The Radiant MLHub API gives access to open Earth imagery training data for machine learning applications. You can learn more about the repository at the [Radiant MLHub site](https://mlhub.earth) and about the organization behind it at the [Radiant Earth Foundation site](https://radiant.earth).

This Jupyter notebook, which you may copy and adapt for any use, shows basic examples of how to use the API. Full documentation for the API is available at [docs.mlhub.earth](docs.mlhub.earth).

We'll show you how to set up your authorization, see the list of available collections and datasets, and retrieve the items (the data contained within them) from those collections. 

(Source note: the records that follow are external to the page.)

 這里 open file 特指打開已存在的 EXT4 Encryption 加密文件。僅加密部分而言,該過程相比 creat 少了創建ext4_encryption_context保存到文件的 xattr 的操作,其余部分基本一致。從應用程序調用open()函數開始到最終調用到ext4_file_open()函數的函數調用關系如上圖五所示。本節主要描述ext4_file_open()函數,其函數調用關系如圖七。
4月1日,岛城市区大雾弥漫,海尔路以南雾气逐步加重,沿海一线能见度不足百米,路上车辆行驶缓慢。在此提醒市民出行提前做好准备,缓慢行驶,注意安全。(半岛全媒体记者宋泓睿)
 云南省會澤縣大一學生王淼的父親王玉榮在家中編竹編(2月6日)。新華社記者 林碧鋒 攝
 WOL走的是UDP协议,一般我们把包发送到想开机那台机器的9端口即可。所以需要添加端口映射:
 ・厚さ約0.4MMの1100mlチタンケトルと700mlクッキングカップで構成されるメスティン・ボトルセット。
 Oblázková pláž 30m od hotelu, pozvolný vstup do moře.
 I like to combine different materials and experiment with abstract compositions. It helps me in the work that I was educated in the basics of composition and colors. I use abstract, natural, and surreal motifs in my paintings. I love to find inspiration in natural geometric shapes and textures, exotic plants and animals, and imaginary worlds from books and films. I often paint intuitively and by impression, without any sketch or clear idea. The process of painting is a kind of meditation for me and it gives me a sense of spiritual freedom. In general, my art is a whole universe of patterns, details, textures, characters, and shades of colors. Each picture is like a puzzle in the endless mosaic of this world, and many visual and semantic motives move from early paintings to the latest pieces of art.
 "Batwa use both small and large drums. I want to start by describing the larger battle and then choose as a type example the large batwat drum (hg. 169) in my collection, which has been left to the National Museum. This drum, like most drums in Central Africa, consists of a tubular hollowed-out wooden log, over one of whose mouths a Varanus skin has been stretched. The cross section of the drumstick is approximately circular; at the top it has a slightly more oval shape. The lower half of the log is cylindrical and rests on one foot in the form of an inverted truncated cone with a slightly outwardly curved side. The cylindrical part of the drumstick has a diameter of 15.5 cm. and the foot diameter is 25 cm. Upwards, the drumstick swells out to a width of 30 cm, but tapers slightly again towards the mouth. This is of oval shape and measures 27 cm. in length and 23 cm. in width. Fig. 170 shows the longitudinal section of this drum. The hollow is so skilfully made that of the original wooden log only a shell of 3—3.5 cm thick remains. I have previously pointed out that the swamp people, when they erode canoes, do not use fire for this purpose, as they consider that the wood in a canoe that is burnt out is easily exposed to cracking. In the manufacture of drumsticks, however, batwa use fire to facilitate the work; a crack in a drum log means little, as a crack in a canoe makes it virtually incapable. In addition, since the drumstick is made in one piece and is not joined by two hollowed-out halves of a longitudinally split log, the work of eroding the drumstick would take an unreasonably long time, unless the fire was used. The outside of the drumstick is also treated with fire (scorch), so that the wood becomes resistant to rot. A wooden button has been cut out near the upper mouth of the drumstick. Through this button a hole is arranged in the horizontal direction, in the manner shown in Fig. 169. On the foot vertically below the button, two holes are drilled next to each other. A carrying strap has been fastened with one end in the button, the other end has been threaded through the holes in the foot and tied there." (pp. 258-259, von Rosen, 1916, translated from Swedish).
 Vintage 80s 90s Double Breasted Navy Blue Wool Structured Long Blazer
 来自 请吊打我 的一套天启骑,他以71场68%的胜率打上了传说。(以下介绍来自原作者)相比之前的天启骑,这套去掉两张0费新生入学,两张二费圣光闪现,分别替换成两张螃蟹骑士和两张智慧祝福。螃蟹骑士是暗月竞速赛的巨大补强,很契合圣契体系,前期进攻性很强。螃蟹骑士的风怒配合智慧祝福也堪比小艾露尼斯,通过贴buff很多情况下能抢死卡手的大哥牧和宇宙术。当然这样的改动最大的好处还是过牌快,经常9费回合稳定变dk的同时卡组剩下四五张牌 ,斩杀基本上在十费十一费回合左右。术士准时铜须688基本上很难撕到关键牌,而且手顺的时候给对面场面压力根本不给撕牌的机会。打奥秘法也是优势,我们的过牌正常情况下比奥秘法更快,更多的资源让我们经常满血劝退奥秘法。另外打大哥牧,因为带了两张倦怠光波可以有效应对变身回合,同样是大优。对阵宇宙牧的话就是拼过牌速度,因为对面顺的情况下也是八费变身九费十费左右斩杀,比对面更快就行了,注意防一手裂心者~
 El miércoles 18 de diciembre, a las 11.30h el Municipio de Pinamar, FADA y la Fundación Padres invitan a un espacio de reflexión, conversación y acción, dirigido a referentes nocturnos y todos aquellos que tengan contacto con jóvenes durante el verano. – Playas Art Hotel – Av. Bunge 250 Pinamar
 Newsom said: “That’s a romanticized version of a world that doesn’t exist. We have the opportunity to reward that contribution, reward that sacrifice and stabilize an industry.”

Each item in our collection is explained in json format compliant with [STAC](https://stacspec.org/) [label extension](https://github.com/radiantearth/stac-spec/tree/master/extensions/label) definition.

## Dependencies

This notebook utilizes the [`radiant-mlhub` Python client](https://pypi.org/project/radiant-mlhub/) for interacting with the API. If you are running this notebooks using Binder, then this dependency has already been installed. If you are running this notebook locally, you will need to install this yourself.

See the official [`radiant-mlhub` docs](https://radiant-mlhub.readthedocs.io/) for more documentation of the full functionality of that library.

## Authentication

### Create an API Key

Access to the Radiant MLHub API requires an API key. To get your API key, go to [dashboard.mlhub.earth](https://dashboard.mlhub.earth). If you have not used Radiant MLHub before, you will need to sign up and create a new account. Otherwise, sign in. In the **API Keys** tab, you'll be able to create API key(s), which you will need. *Do not share* your API key with others: your usage may be limited and sharing your API key is a security risk.

### Configure the Client

Once you have your API key, you need to configure the `radiant_mlhub` library to use that key. There are a number of ways to configure this (see the [Authentication docs](https://radiant-mlhub.readthedocs.io/en/latest/authentication.html) for details). 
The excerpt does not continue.